··· Data shown
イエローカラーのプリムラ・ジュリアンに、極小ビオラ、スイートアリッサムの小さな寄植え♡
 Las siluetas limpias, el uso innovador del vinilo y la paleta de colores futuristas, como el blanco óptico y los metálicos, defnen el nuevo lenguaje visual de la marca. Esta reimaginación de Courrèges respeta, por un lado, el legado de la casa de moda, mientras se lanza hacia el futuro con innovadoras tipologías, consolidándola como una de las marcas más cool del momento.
······
··· Data shown
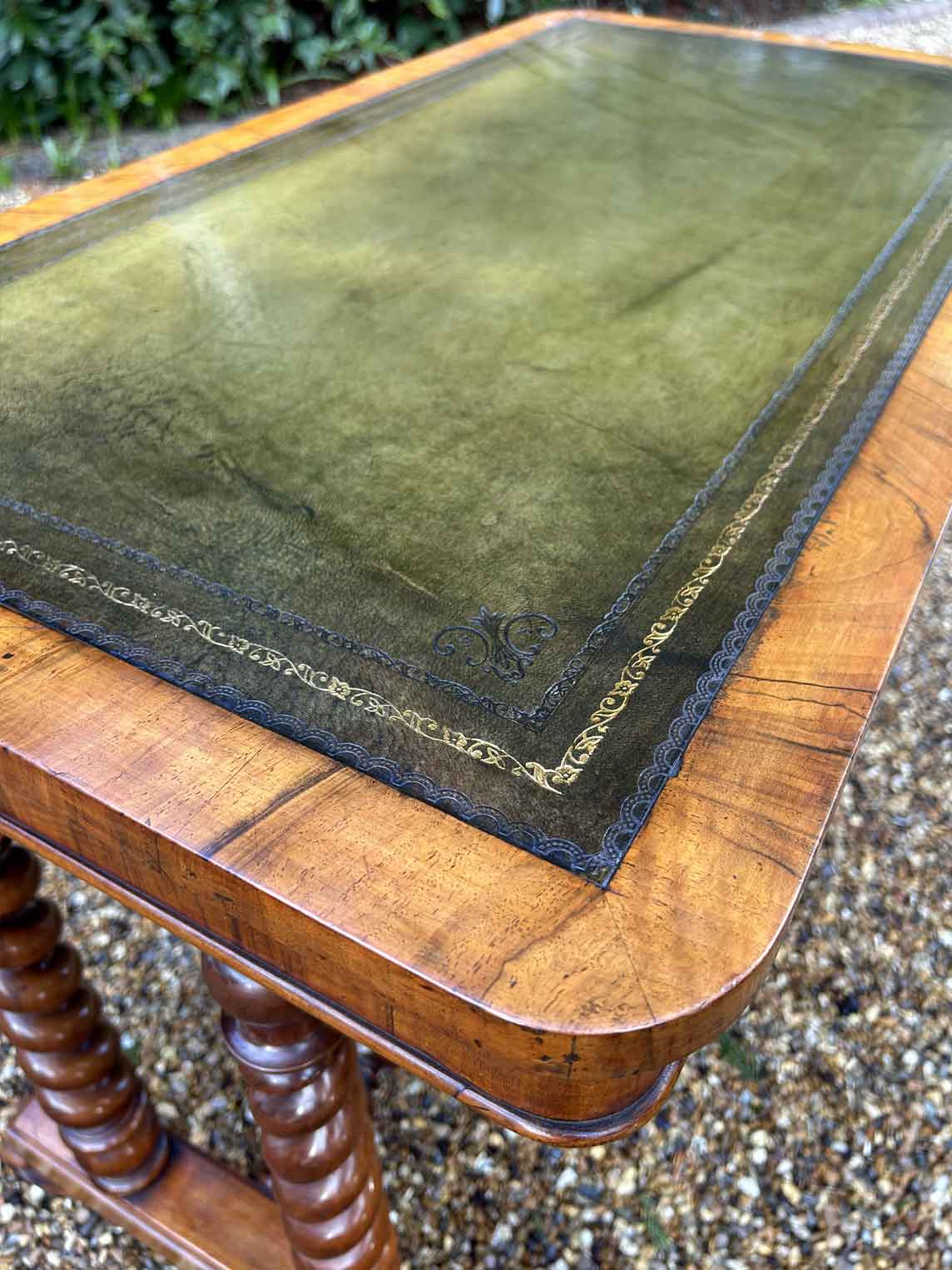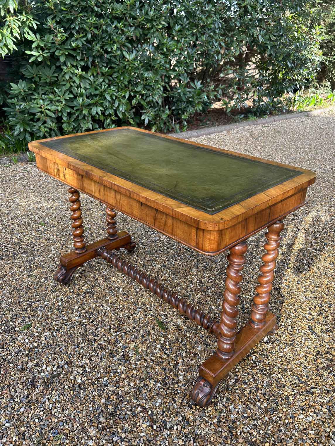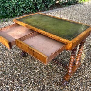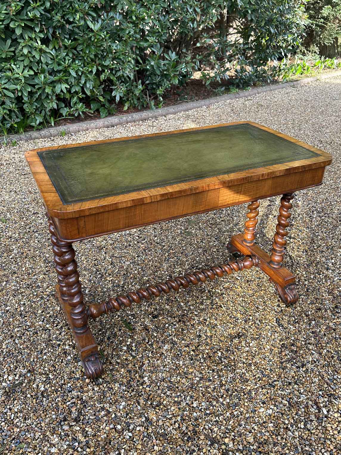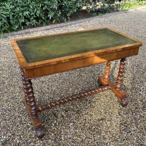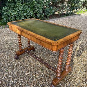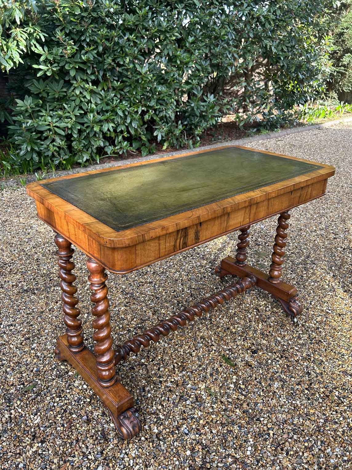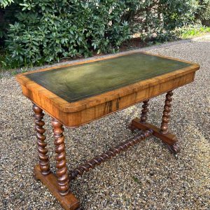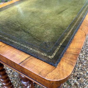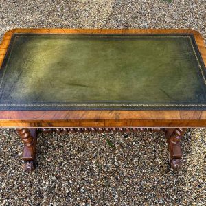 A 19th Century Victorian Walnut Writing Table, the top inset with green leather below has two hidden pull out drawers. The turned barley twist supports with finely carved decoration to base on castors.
······
··· Data shown
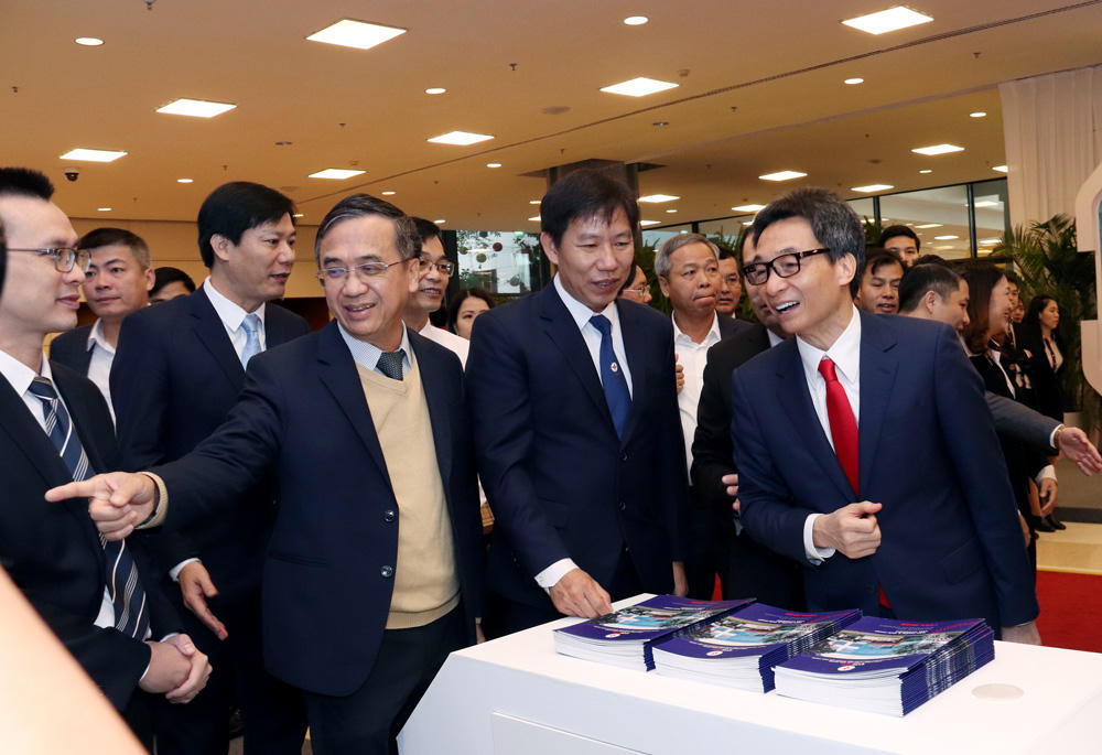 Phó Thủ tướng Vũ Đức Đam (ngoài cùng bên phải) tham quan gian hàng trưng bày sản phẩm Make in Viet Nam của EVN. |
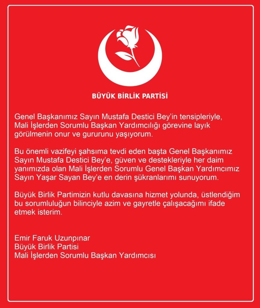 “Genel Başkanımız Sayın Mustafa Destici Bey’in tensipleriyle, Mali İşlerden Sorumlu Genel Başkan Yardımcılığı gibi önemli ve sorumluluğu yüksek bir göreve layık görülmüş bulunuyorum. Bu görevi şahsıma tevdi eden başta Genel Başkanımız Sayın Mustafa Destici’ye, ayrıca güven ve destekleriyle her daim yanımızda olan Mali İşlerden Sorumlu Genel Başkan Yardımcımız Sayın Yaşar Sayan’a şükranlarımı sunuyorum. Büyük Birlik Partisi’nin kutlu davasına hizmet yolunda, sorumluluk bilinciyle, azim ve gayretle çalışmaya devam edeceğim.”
······
Action item ->
From the records above, print exactly the lines that run from the line with "イエローカラーのプリムラ・ジ" to the line with "Las siluetas limpias, el", inclusive.

Answer to this task ->
イエローカラーのプリムラ・ジュリアンに、極小ビオラ、スイートアリッサムの小さな寄植え♡
 Las siluetas limpias, el uso innovador del vinilo y la paleta de colores futuristas, como el blanco óptico y los metálicos, defnen el nuevo lenguaje visual de la marca. Esta reimaginación de Courrèges respeta, por un lado, el legado de la casa de moda, mientras se lanza hacia el futuro con innovadoras tipologías, consolidándola como una de las marcas más cool del momento.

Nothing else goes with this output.